What could be the most devious act is the proposal to allow private land ownership on reserves. Seems harmless on the surface, but it is another way to divide and control different factions within different bands with the ultimate goal to control and more than likely have land ownership in the hands of compliant ’whites’ or more seriously, in the hands of corporate entities.

That is where the two ideas come together. Much of the land involved in the tar sands and in particular all of the land west of the Rockies on the proposed Northern Gateway pipeline route are legally considered to have existing unextinguished rights. Elsewhere there are existing treaty rights for First Nations with regards to the natural resources of the land and the rights that they have to them and their usage, backed up by Canada’s constitution, Canada’s courts of law, the UN Indigenous Rights Act to which Canada is a signatory (under the Harper government), and the various agreements themselves that one native speaker rightly identified as being, in part, agreements with the Queen of England.

Now a question, is that then the final push, to have native reserve land and land with unextinguished title be removed from legal protection in order that the resource base of those lands, and the right of way for commercial passage, are all owned by corporate interests? As the government can no longer “cut off” land as earlier governments in B.C. did with First Nations lands, is this there mechanism - financial starvation and opening up land for private speculation - the means to controlling the land for corporate “benefits“? Will a Chinese company, or some other foreign owned company, gain the rights to First Nations land, leaving the people of the First Nations as another source of cheap wage labour as has happened elsewhere in the Americas (see Mexico under the NAFTA agreement)?

Finally, some unrelated questions on the F-35

John Ivison, a pro-Conservative pundit on CTVs Question Period indicated that he had the cost of a single F-35 pegged at $88 million dollars. However, more internet research showed that this cost does not include what are labelled “ancillary” costs - things like weapons systems! As an analogy, that is like buying all those electronic goodies that say batteries not included, except that the government does not tell us that the batteries are not included.

Are we buying the plane’s mainframe, only to have to spend millions more per plane equipping them for their expected combat role? Why, I wonder - and this is perhaps the media’s fault and not that of the MPs - is there no apparent public awareness that these prices are not the full deal? The procurement costs are high enough, and yes, the lifetime operational costs should be considered as well, but we should know whether the batteries are included or not.

Ultimately, knowing how the U.S. military industrial complex works, whatever the stated costs are, they will surely double as time passes. And what about obsolescence? These planes have been more than a decade in the making and still are not competently nor fully operational.

A Chinese proposition….

Seeing as how we are courting Chinese/Asian investment in Canada as the U.S. economy - which is largely based on that military-industrial complex - teeters and threatens more decline, we should be looking to the Chinese military.

They are the current leaders in technological innovation in the world, having overtaken the U.S. as it concerns itself with its self-destructive “financialized” economy. They have the J-20 stealth plane that for Canada’s needs would fit the specifications as well as being 50 to 80 per cent cheaper to produce than the U.S. or European equivalents.

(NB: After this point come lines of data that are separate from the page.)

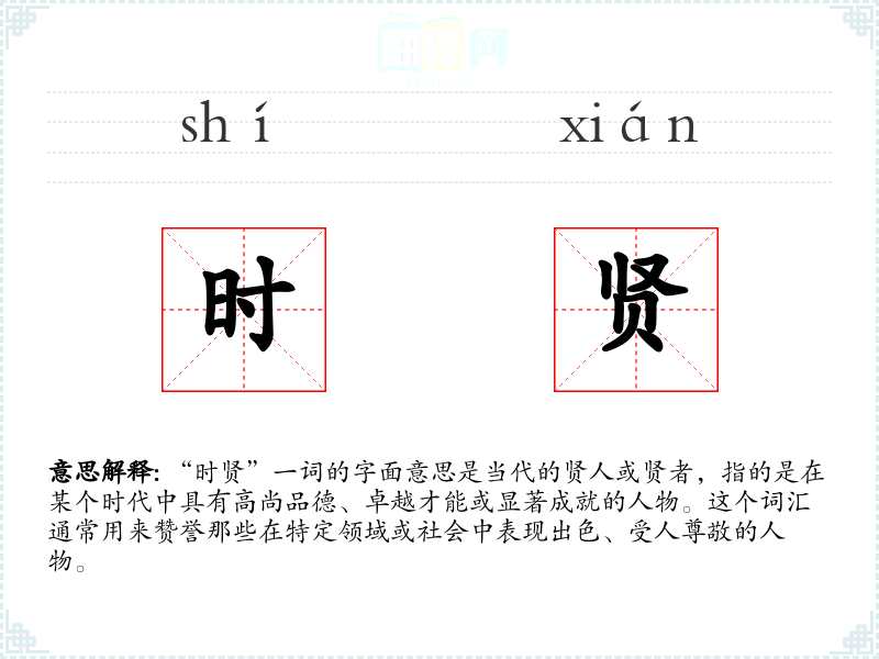 “时贤”一词的字面意思是当代的贤人或贤者,指的是在某个时代中具有高尚品德、卓越才能或显著成就的人物。这个词汇通常用来赞誉那些在特定领域或社会中表现出色、受人尊敬的人物。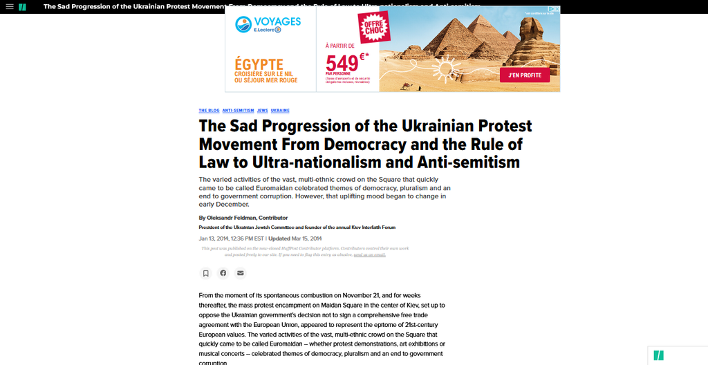 Oleksandr Feldman, dans un article intitulé : The Sad Progression of the Ukrainian Protest Movement From Democracy and the Rule of Law to Ultra-nationalism and Anti-semitism.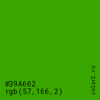Цвет #39A602 в цветовой модели RGB обозначается тремя октетами (57, 166, 2) в десятичном формате и #39A602 в шестнадцатиричном (hex) формате, которые являются интенсивностью красного 57 (hex 39), интенсивность зелёного 166 (hex A6) и интенсивность синего 2 (hex 02).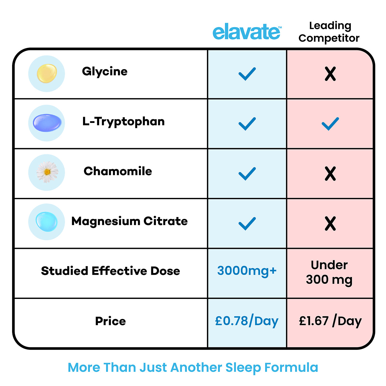 Schlafergänzungsmittel unterstützen den natürlichen Schlafzyklus Ihres Körpers. Die Mischung von Elavate geht jedoch noch einen Schritt weiter und verwendet Inhaltsstoffe, die zusammenwirken, um alle drei Schlafphasen anzusprechen: Einschlafen, Durchschlafen und erfrischtes Aufwachen.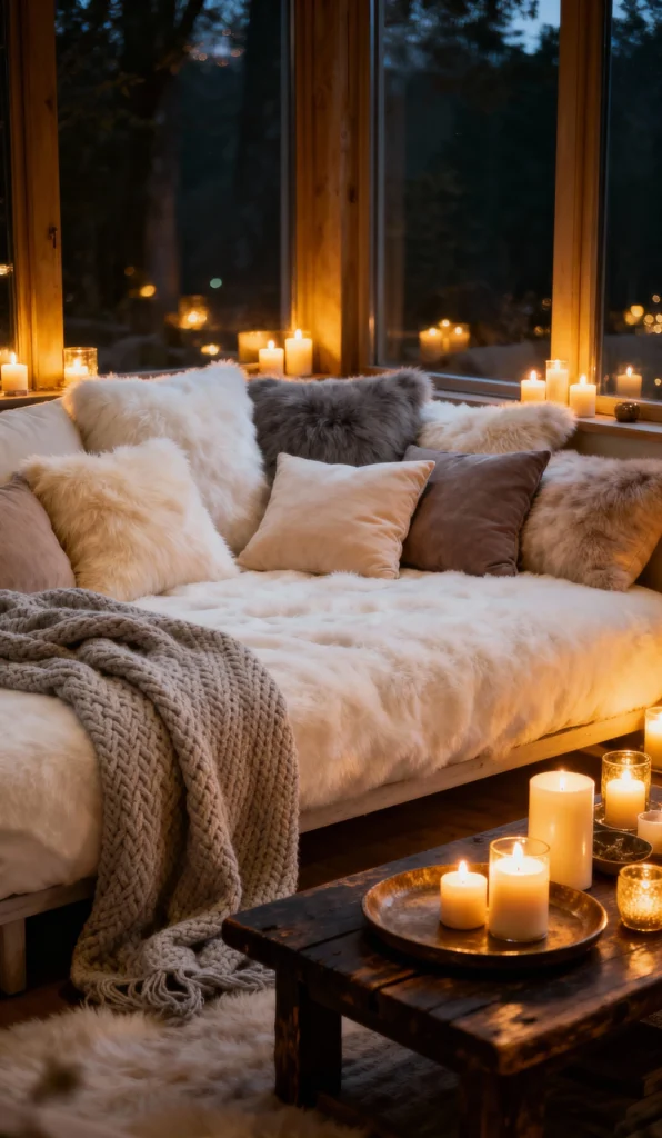 This is basically a nest! Covered completely in faux fur and plush throws, this seating area is the definition of comfort. The warm light from the wall of windows and the dozens of candles creates an incredibly intimate and inviting sanctuary. It proves that layering soft, luxurious materials is the quickest way to create a cozy, irresistible space for chilling out.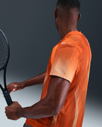 Breathable, stretchy and sweat-wicking, the Victory top is always ready to hit the court. The back shoulder seam placement is designed to stay out of the way while you rotate and drive through the ball. Benefits - Nike Dri-FIT technology moves sweat away from your skin for quicker evaporation, helping you stay dry and comfortable. - Soft and breathable, this smooth knit helps you stay cool and comfortable. - Offset seam construction on the back helps with range of motion through your shot. Product Details - Embroidered Swoosh logo - 100% polyester - Machine wash - Imported - Shown: Campfire Orange/White - Style: HM6505-893 SIZE & FIT Standard fit: easy and traditional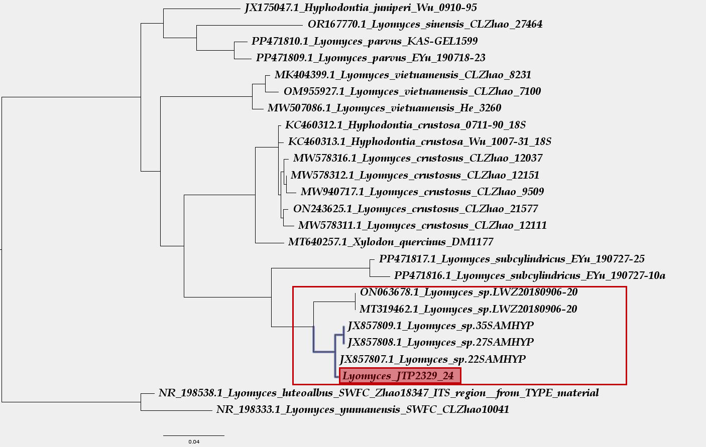 Se puede ver claramente que mi propuesta encaja muy bien dentro del Clado de lo que podemos considerar como Lyomyces sp., es decir de un Lyomyces que a día de hoy no tiene apellido, aunque bastante cercano molecularmente al Lyomyce subcylindricus.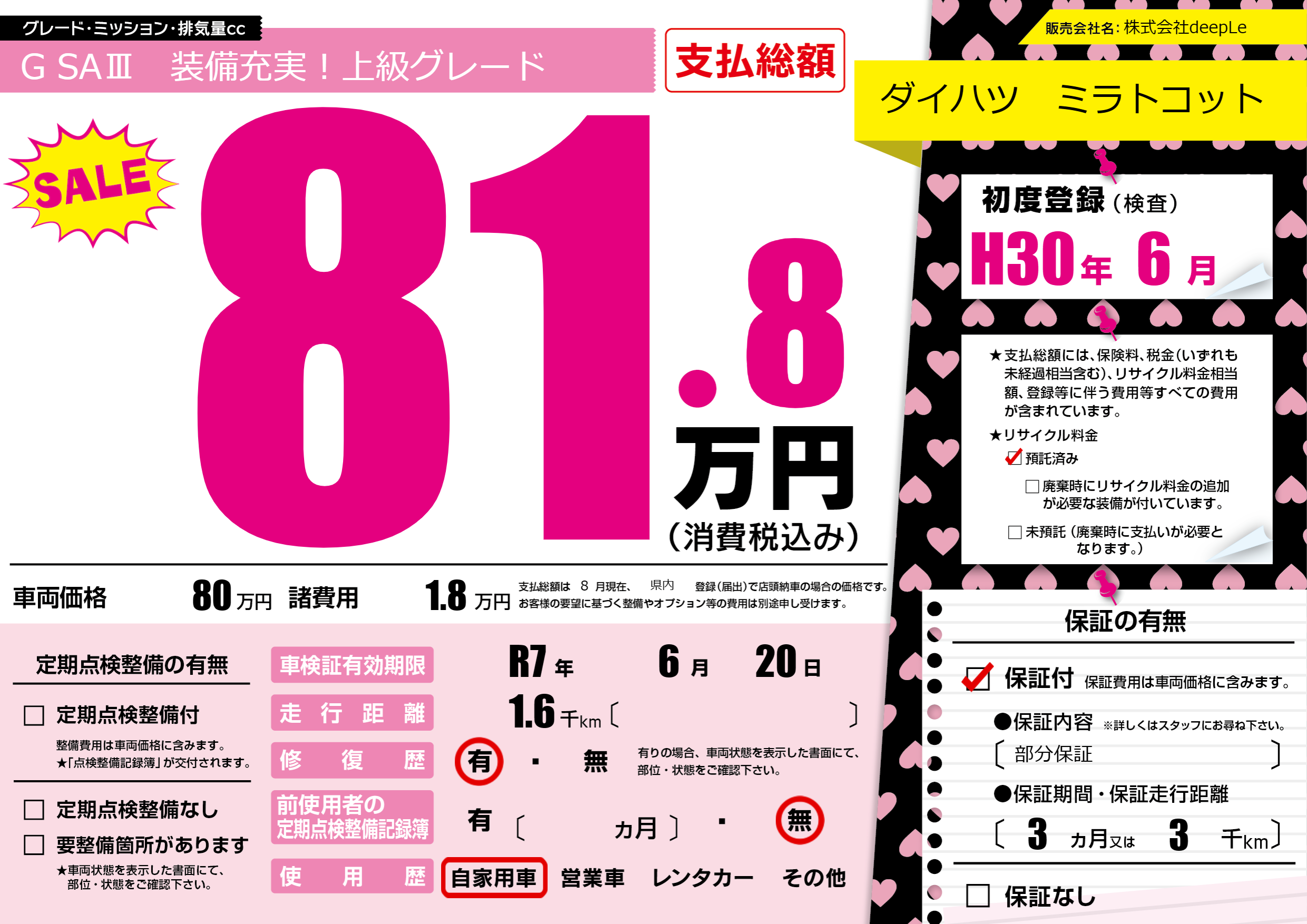 | 走行キロ | 0.1万km | 初年度登録 | H30年6月 |

Why are we not looking to China for our military investments? U.S. technological innovation is in serious decline, China is taking the lead. If we are so interested in a global economy, why not include the J-20 as a competitive bidder for the procurement process? Are they our enemies or our trading partners?

Now that would send a powerful message to the rest of the world that Canada is an open independent big player on global markets and is not kowtowing to anybody.